Transcribe everything in the records exactly. Skip the images.

>>>

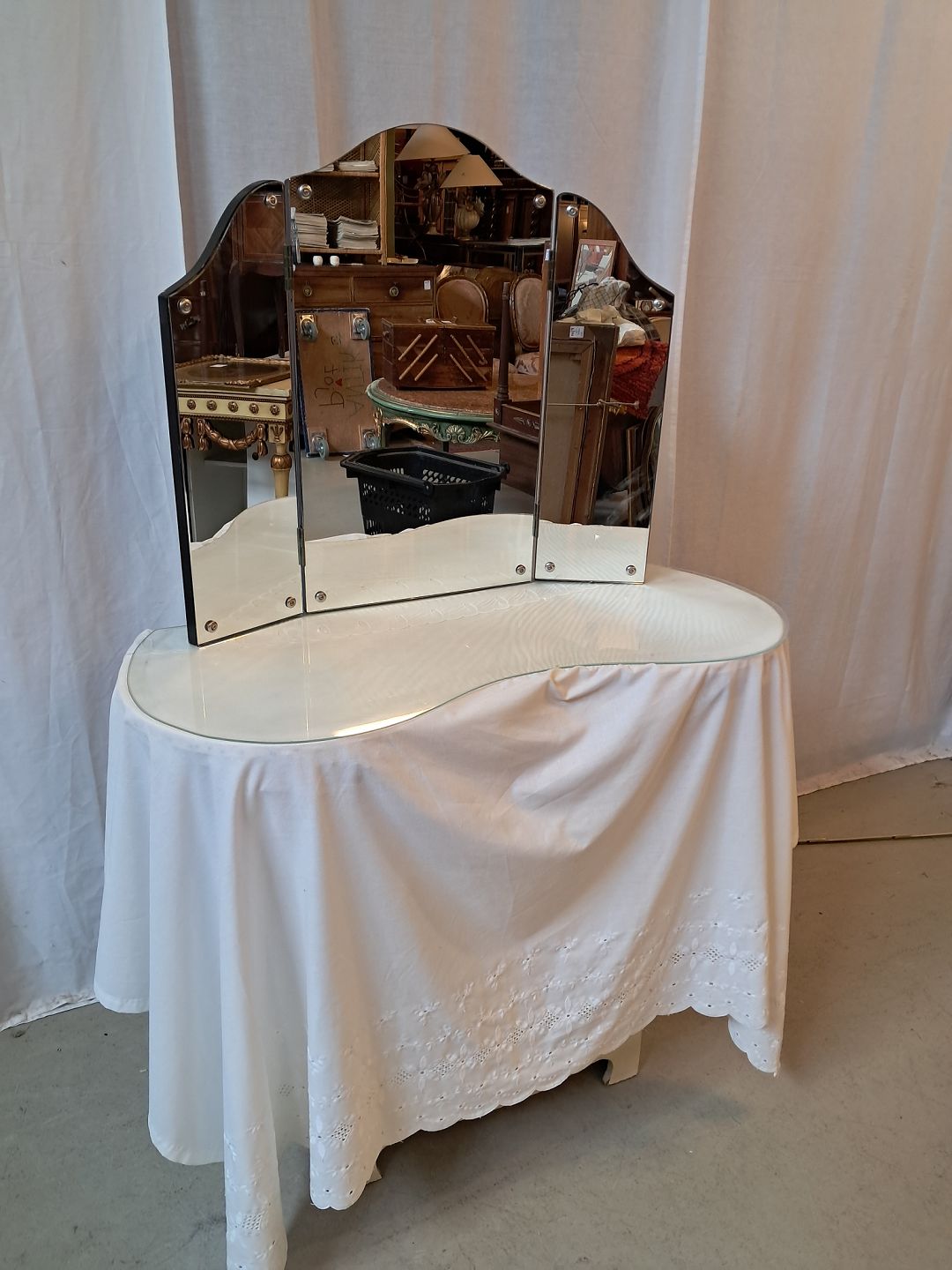 Marie Antorinette sminkebord med spejl og glasplade, fra 1950erne.
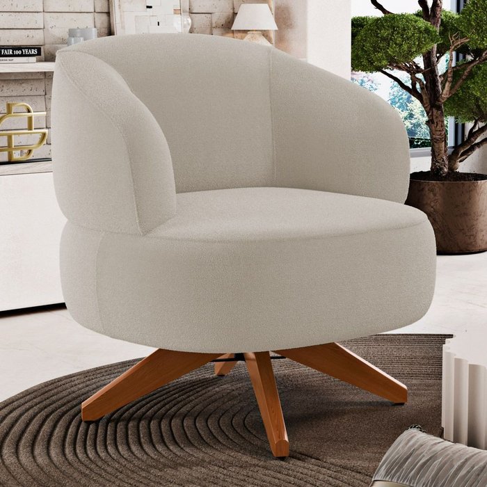 Poltrona Decorativa Orgânica Living Have Base Madeira Giratória Bouclê Bege - Desk Design
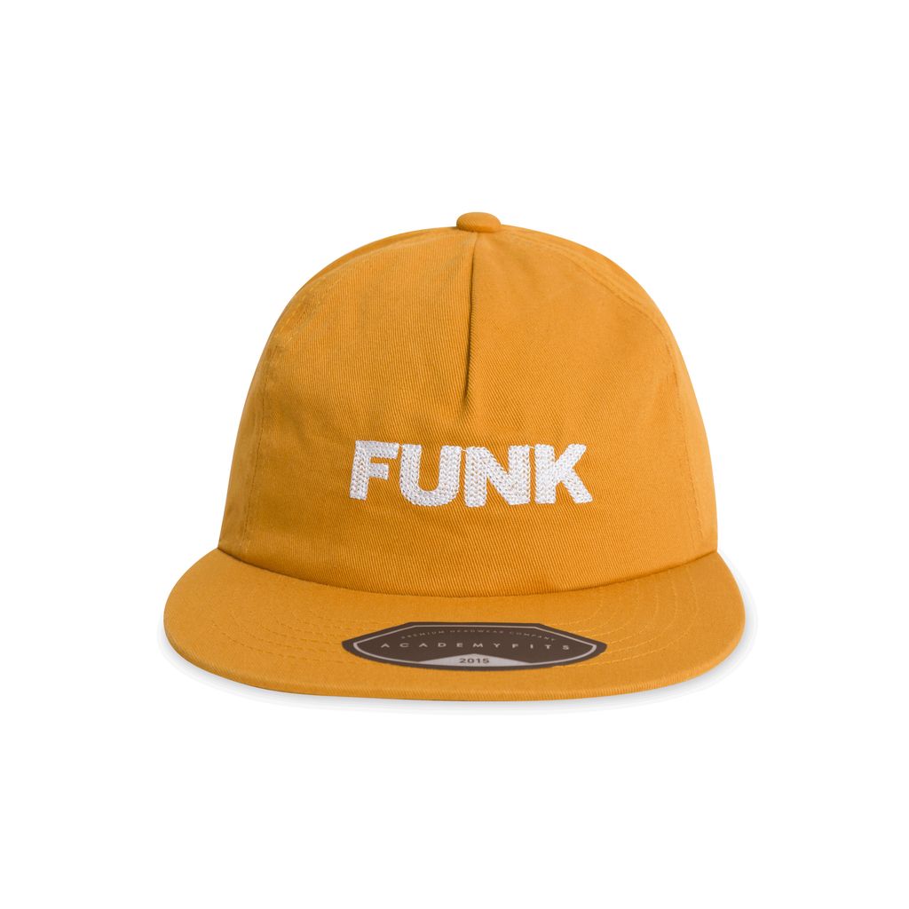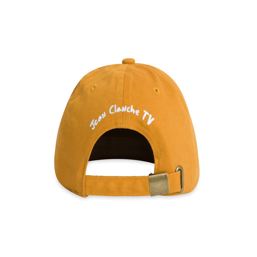 This golden orange cap features embroidered Funk text, and the Jean Clanche TV logo in the back.
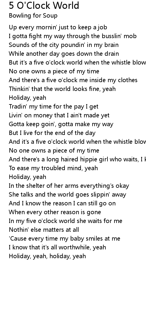 And it's a five o'clock world when the whistle blows |
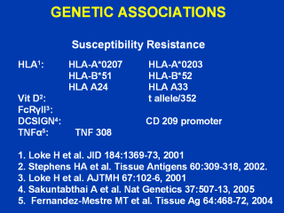 A variety of genetic markers studied in individuals with secondary dengue infections have been statistically significantly associated with mild (resistance) or severe (susceptibility) disease.
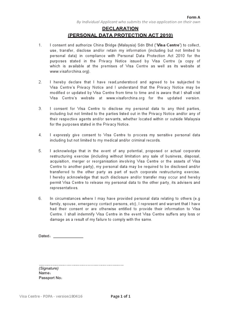 China Visa Pdpa11 Personally Identifiable Information Privacy
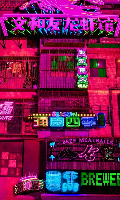 可口可乐的红,润园四季的绿,文和友龙虾馆的旺,老东门游戏厅的潮……炫目色彩让人移不开视线,立体感、科幻感呼之欲出,每个招牌都像是一个神秘入口,通往过去也指向未来。
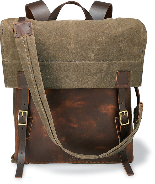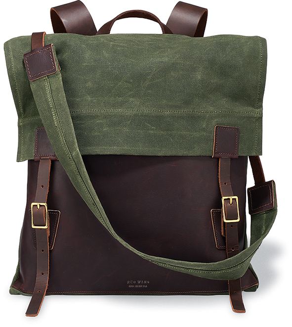 The Backpacks are inspired by classic packs, with construction and material updates that provide modernized comfort and lasting durability. Red Wing leather waxed canvas and solid brass buckles and rivets create a backpack that’s visually striking and supremely functional. Designed to match Wacouta footwear styles the Wacouta Backpack is distinguished in its details. Waxed canvas and Oil-Tanned leather deliver water resistance and durability while reinforced stitching and heavyweight leather straps ensure each pack is up for the rigors of everyday hauling.

<<<

Reply to the task –
 Marie Antorinette sminkebord med spejl og glasplade, fra 1950erne.
 Poltrona Decorativa Orgânica Living Have Base Madeira Giratória Bouclê Bege - Desk Design
 This golden orange cap features embroidered Funk text, and the Jean Clanche TV logo in the back.
 And it's a five o'clock world when the whistle blows |
 A variety of genetic markers studied in individuals with secondary dengue infections have been statistically significantly associated with mild (resistance) or severe (susceptibility) disease.
 China Visa Pdpa11 Personally Identifiable Information Privacy
 可口可乐的红,润园四季的绿,文和友龙虾馆的旺,老东门游戏厅的潮……炫目色彩让人移不开视线,立体感、科幻感呼之欲出,每个招牌都像是一个神秘入口,通往过去也指向未来。
 The Backpacks are inspired by classic packs, with construction and material updates that provide modernized comfort and lasting durability. Red Wing leather waxed canvas and solid brass buckles and rivets create a backpack that’s visually striking and supremely functional. Designed to match Wacouta footwear styles the Wacouta Backpack is distinguished in its details. Waxed canvas and Oil-Tanned leather deliver water resistance and durability while reinforced stitching and heavyweight leather straps ensure each pack is up for the rigors of everyday hauling.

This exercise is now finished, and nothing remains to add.